2.2 Policy used by Bob and Eliot
The policy used by Bob and Eliot is the same as 1969 except for the values of setup
cost. It takes them one full day to make all the adjustments to the bottling
equipment required for the size change. So they process several combinations of
beverages and labels in that size during the run. They feel that the setup time is
significant and the number of setups affect the overall cost and therefore try to
minimize this number in their policy. Due to this reason, they add even those items
to the list that have not reached the reorder point yet.

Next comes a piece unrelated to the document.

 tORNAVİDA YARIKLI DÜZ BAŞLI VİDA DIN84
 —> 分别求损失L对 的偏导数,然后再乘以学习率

Bob and Eliot are running only five items in June so the size changeover cost comes
out to be $17.69 as opposed to $8.85 in 1969. It is because this cost is inversely
related to the number of different items of a given size, which is half the number
used 1969 calculation.
For the label changeover cost, the time taken for the changeover is either twenty
minutes or three minutes depending on the shape of previous label. Assuming it
takes twenty minutes 90% of the time, the expected value of time is calculated and
added to the ten minutes it takes for restoration of the labeling machine. Since both
rinsing of tank and label changeover occur at the same time, the maximum of the
two times involved is taken into account for cost calculation. This gives the estimate
of $11.11 as the label changeover cost.
The costs implied by both these inventory policies have been shown in Appendix 7.

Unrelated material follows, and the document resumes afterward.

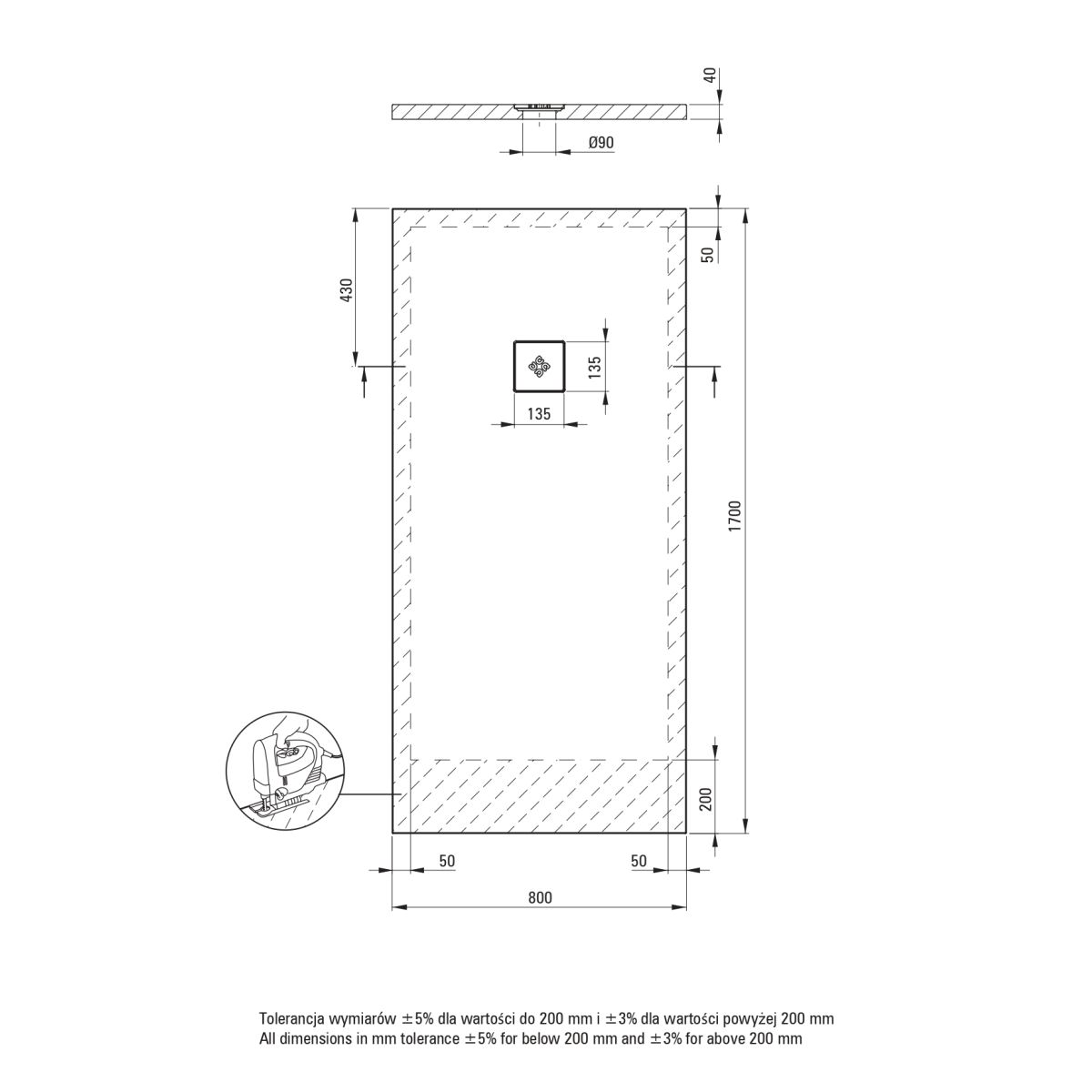 - Technologie SOLID PLUS - remplissage composite, possibilité de couper le receveur de douche dans la zone indiquée sur le dessin

2.3 Suggested cost coefficients
As discussed in the previous sections, Blanchard should consider only those costs
that are actually affected by the bottling quantity, rather than fixed annual costs.
Based on that premise, the setup costs turn out to be $ 6.25 for all items, which
9. 9
includes only the variable component of the label changeover cost. The unit cost of
production should consist only of the components as discussed at the end of section
2.1.2 and these costs have been provided in Appendix 6. The inventory carrying cost
rate should be 22.5 % as opposed to 11.5 % as recommended by the 1969 policy.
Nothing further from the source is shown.